Binance is a world-renowned digital asset trading platform. Its official APP provides users with a safe and convenient mobile trading experience. Through the Binance APP, you can buy and sell cryptocurrencies anytime, anywhere, manage your digital assets and get the latest market trends.

Google has launched a browser extension called "PasswordCheckup" to help users determine whether their passwords are in a secure state. In the future, this password leakage detection feature will be a default feature of Google Chrome, not just limited to optional extensions. Although the PasswordCheckup extension provided by Google can automatically detect the password security used by users when logging into different websites, interested users can still experience it in advance by downloading the ChromeCanary version. However, it should be noted that this function is turned off by default and users need to turn it on manually. Once the function is enabled, users can know the login they entered when logging in on non-Google sites.

OKE is a world-renowned digital asset service platform, committed to providing users with a safe, stable and efficient digital asset trading experience. With its strong technical strength, comprehensive risk control system and user-friendly operation interface, the platform has gained wide recognition from users around the world.

Binance is a world-renowned digital asset trading platform, providing users with secure, stable and convenient cryptocurrency trading services. Users can buy, sell, manage and market the transactions of hundreds of digital currencies such as Bitcoin and Ethereum anytime, anywhere through their official app.

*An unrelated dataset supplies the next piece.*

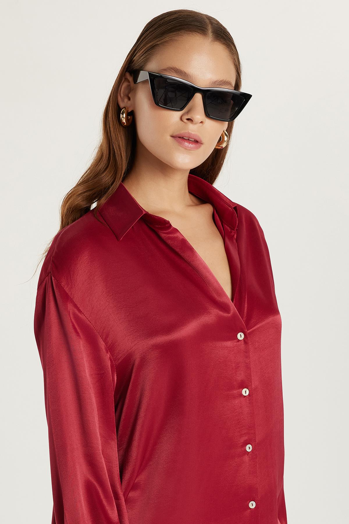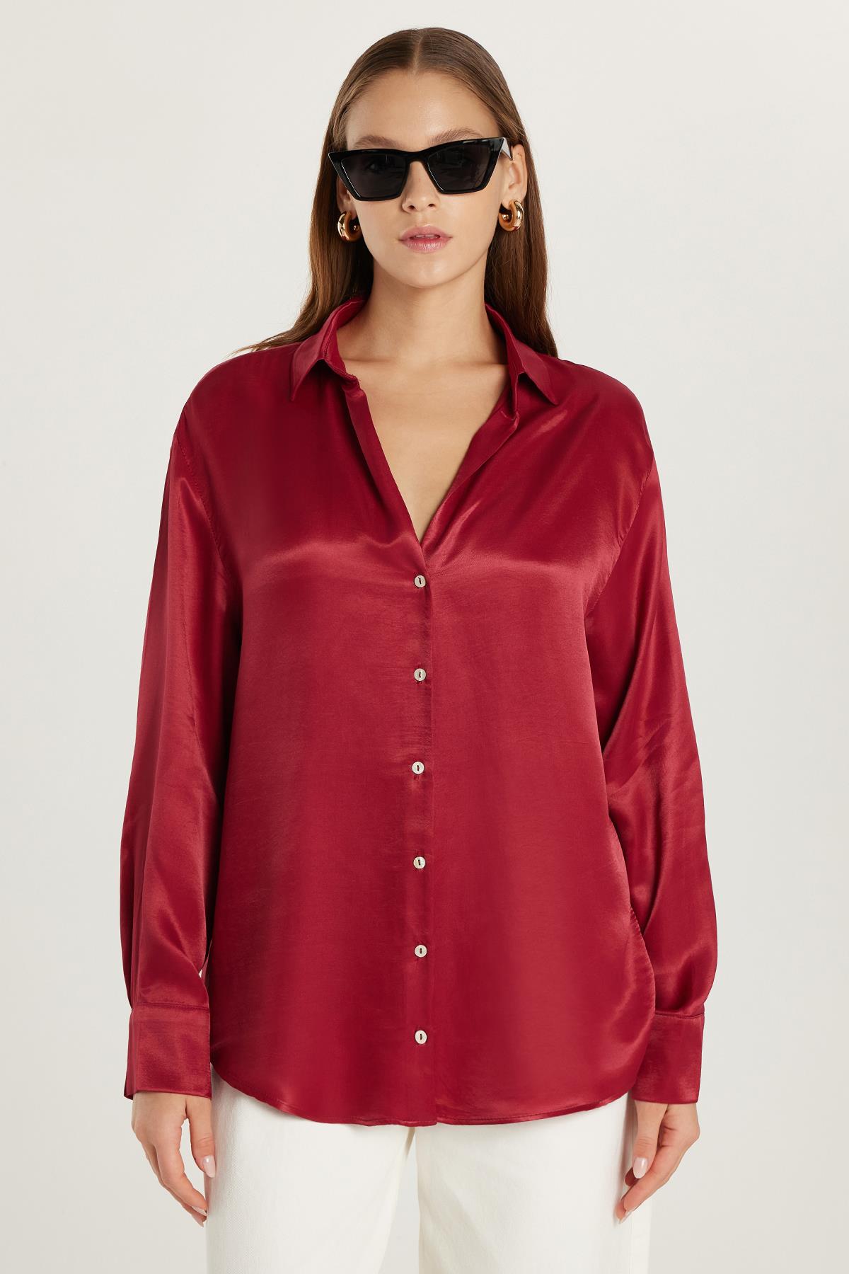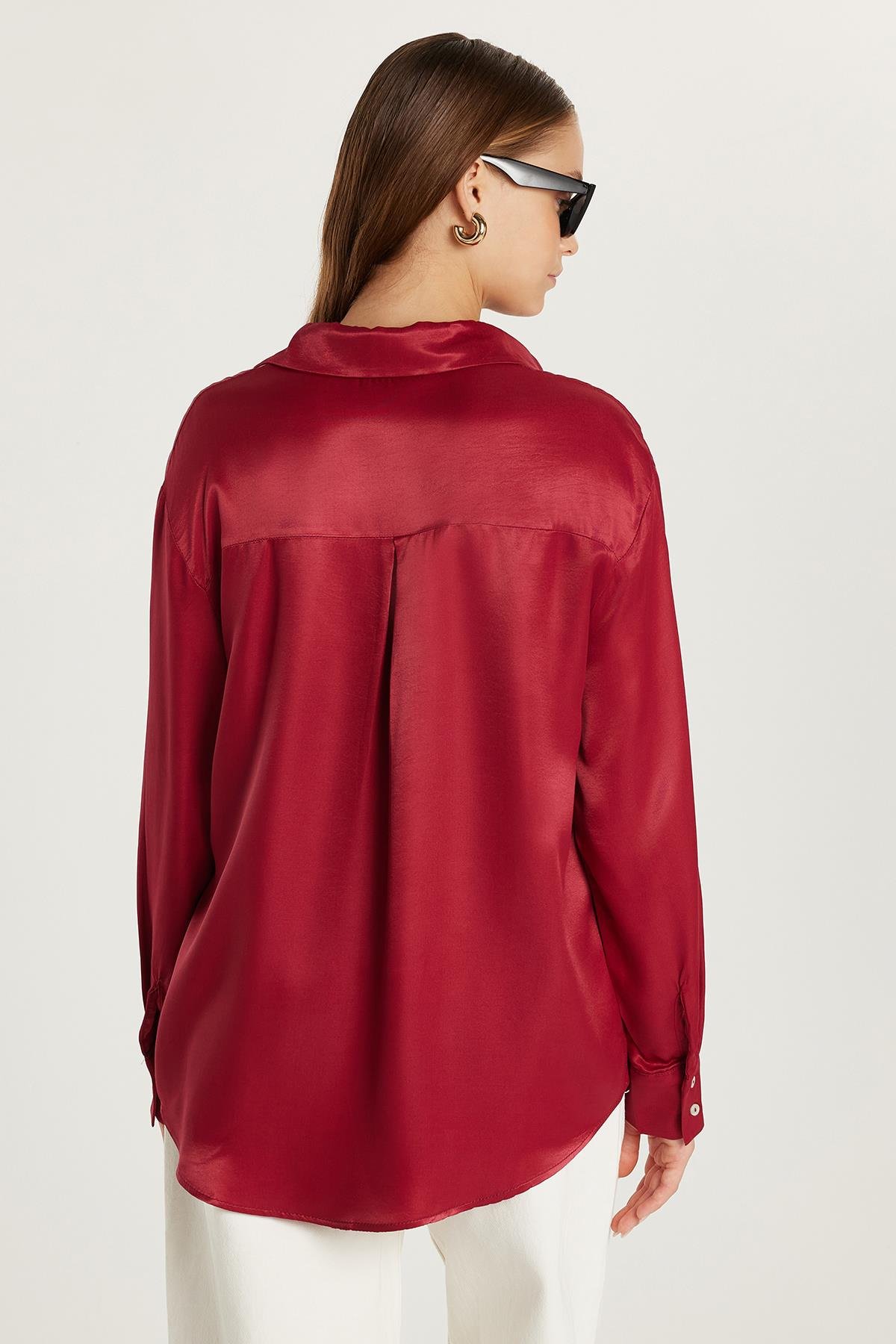 Kadın Slim Fit Dar Kesim Uzun Kollu Saten Bordo Gömlek (KDN25007-8)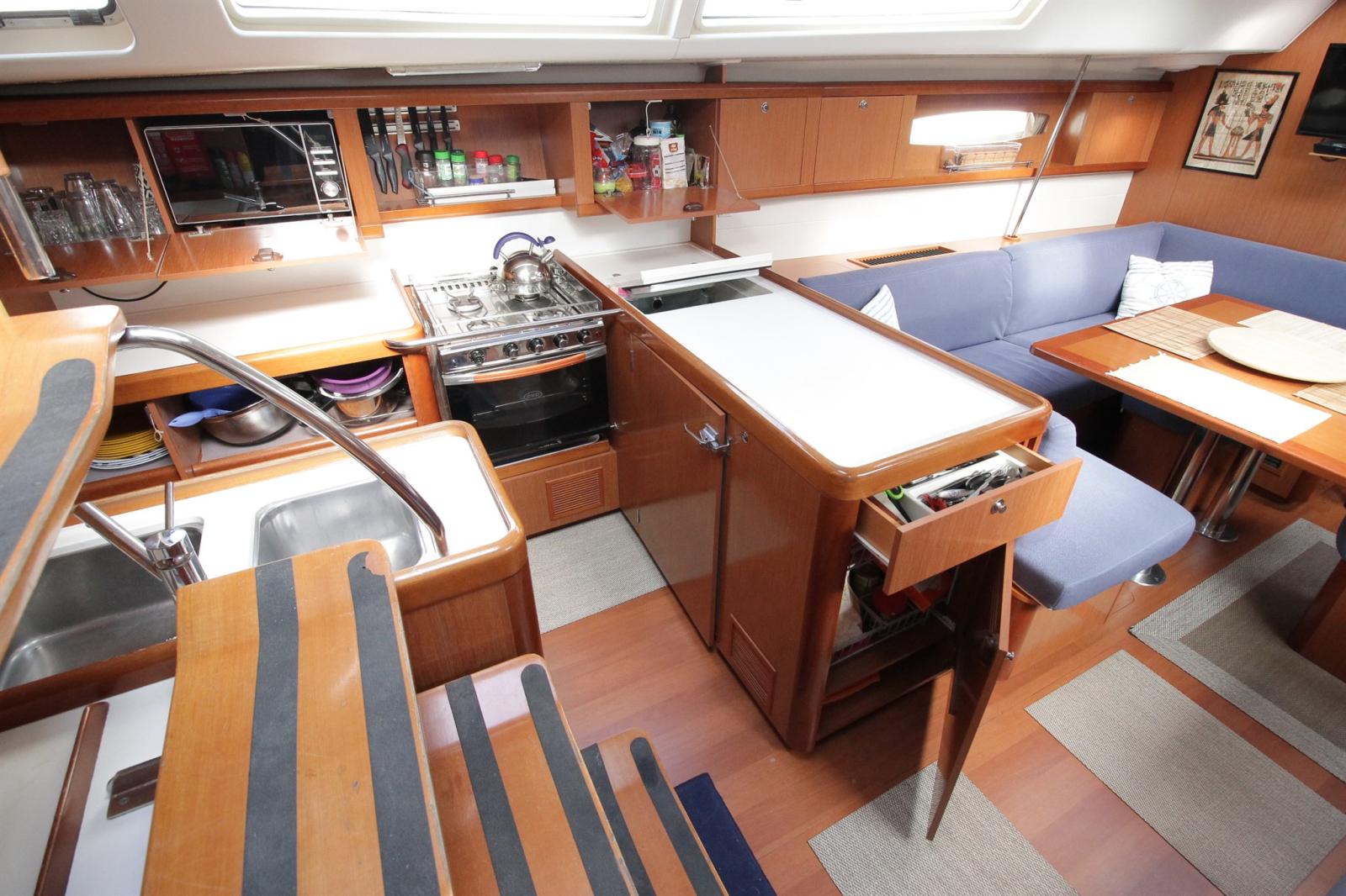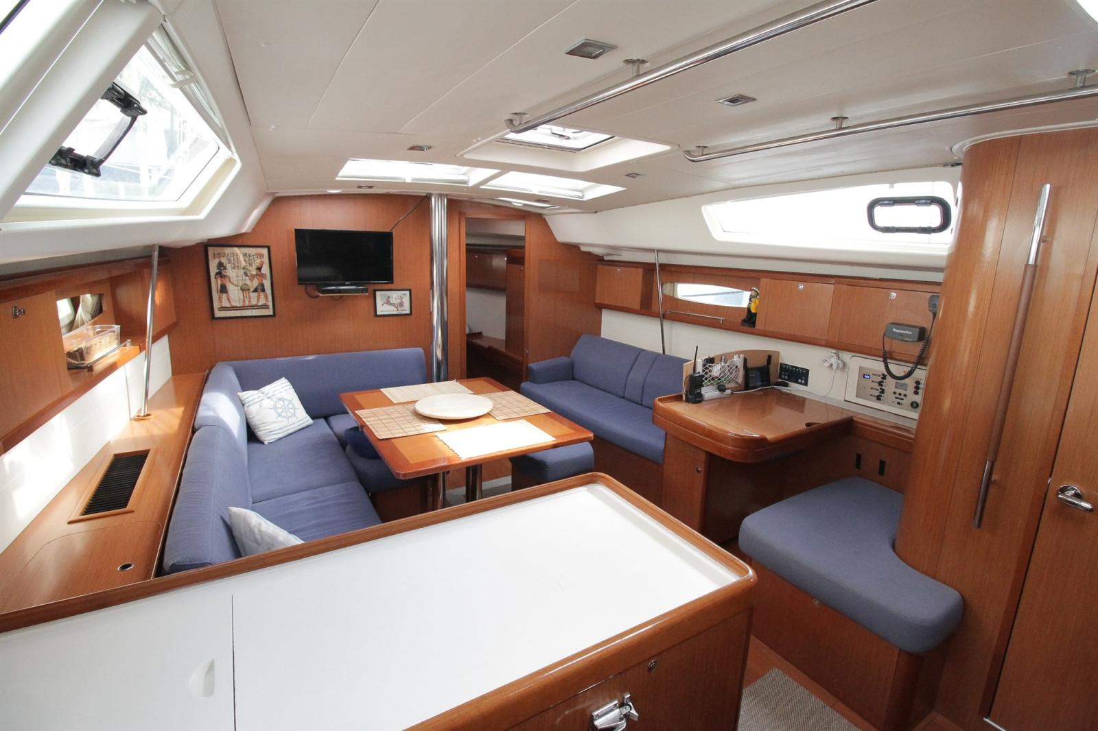 La société PHILIPPE PLAISANCE a le plaisir de vous proposer un OCEANIS 46 en très bon état général. Ce modèle est réputé pour son confort, son agencement et son élégance. Mise à l'eau en 2008, jamais loué, ce voilier est bien équipé et bien suivi : GV sur enrouleur, trinquette sur étai largable, CODE D sur emmagasineur, radar, AIS, portique, 350w de solaire, générateur 6kw, propulseur, batteries AGM, 2 climatisations, 2 frigos, etc... Visible sur la Costa Brava. Possibilité de place de port

Apple mobile phone users can access Binance by switching the App Store area or using the official web version. 1. Switch to Apple ID not in mainland China to log in to the App Store to download the app directly; 2. Use a mobile browser to access the Binance official website and trade without downloading the app. Android users should download the application through the official website and avoid unofficial channels to ensure security. After registering an account, you need to enable two-factor authentication (2FA) immediately to improve security.

Dogecoin does not have an official app, and users need to trade through third-party exchanges. This article recommends 6 platforms and provides usage steps. 1. Binance: Large transaction volume and comprehensive functions; 2. Ouyi: Integrated accounts and NFT markets; 3. Huobi: High security; 4. Gate.io: Rich currency types; 5. KuCoin: Fast listing speed; 6. Kraken: Strong compliance. Downloading requires the official channel to complete registration, identity verification, recharge, and transaction of Dogecoin (DOGE) and ensure account security, enable 2FA and set complex passwords.

The Ouyi Exchange app can be downloaded and registered to use through the official link. 1. Click the official download link to complete the app installation; 2. After opening the app, select your mobile phone number or email address to register, set your password and complete verification; 3. It is recommended to enable secondary verification, change your password regularly, avoid leaking information, and be alert to phishing websites to ensure account security. Follow the prompts to start trading.